Recorded data =>
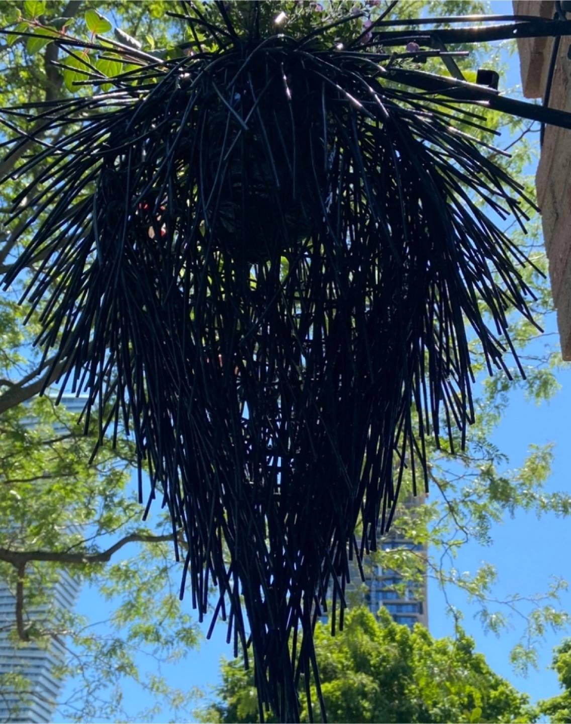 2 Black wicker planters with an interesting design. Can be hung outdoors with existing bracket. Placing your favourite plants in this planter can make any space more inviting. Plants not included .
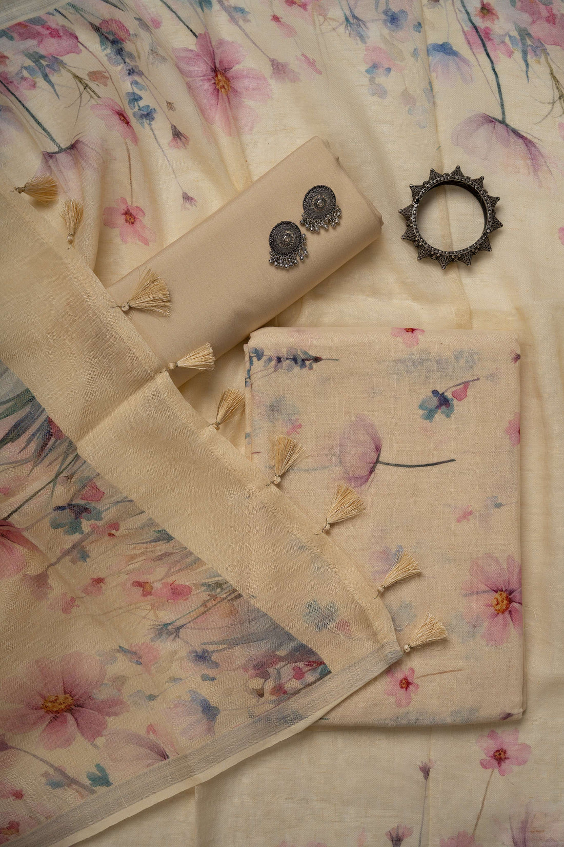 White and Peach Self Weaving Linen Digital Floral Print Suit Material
---
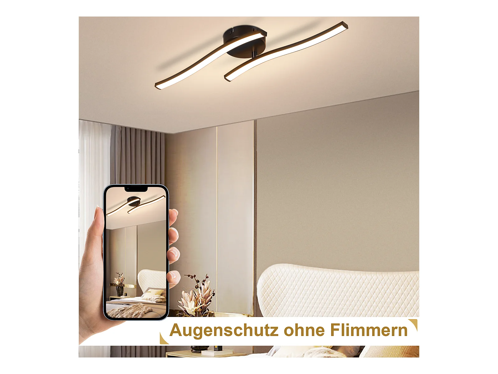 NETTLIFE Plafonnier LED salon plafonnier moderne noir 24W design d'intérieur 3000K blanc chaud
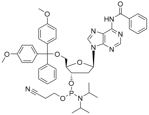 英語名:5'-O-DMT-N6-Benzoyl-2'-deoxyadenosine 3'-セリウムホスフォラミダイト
--
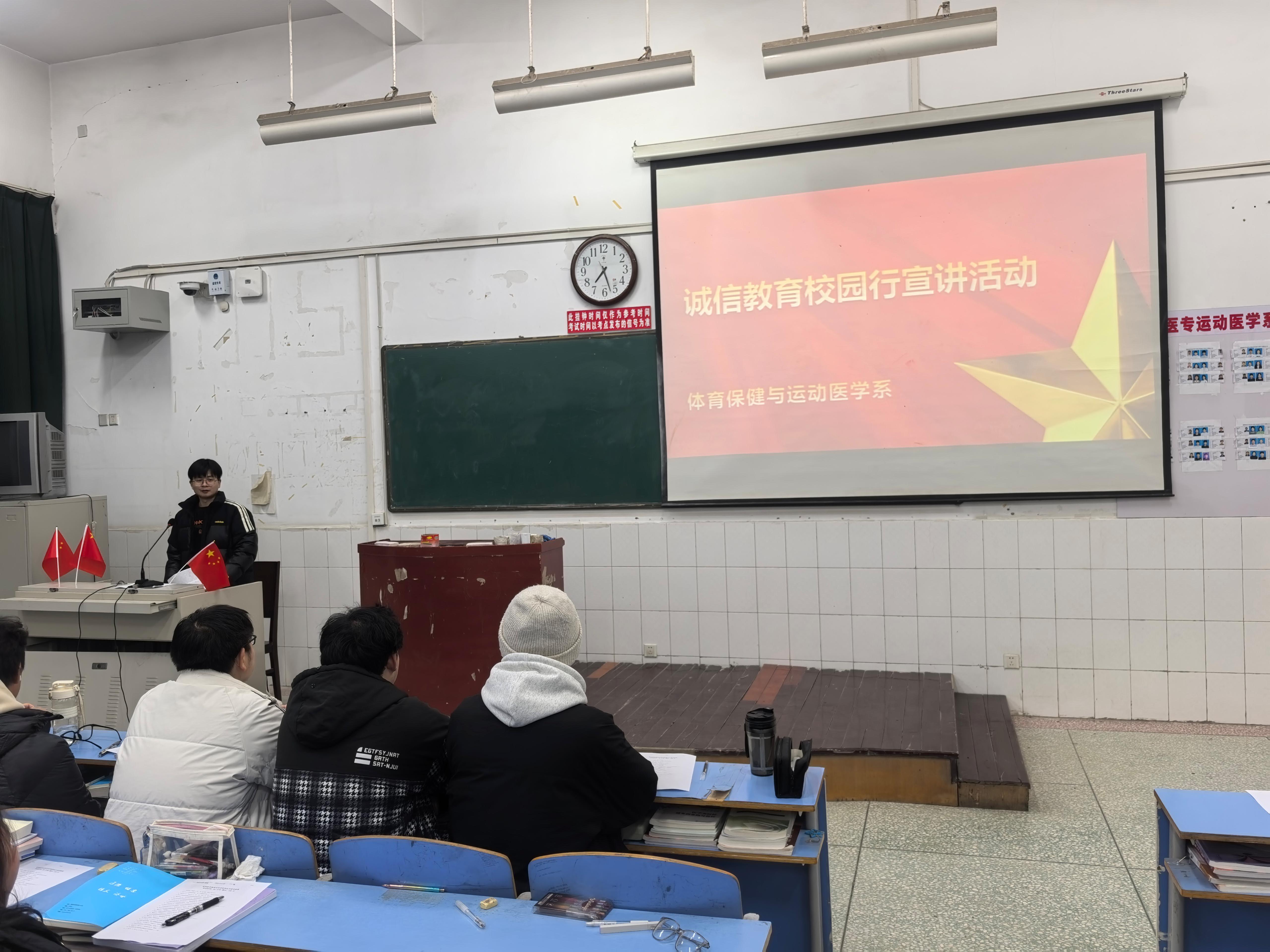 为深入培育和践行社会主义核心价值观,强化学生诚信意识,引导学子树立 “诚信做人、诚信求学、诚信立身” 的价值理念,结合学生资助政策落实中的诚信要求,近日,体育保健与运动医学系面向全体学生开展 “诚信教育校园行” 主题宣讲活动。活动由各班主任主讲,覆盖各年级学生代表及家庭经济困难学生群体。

Description of the task =>
What's needed is an exact copy of the records above from the line containing "2 Black wicker" down to the line containing "White and Peach", both included, without any pictures.

Final answer =>
 2 Black wicker planters with an interesting design. Can be hung outdoors with existing bracket. Placing your favourite plants in this planter can make any space more inviting. Plants not included .
 White and Peach Self Weaving Linen Digital Floral Print Suit Material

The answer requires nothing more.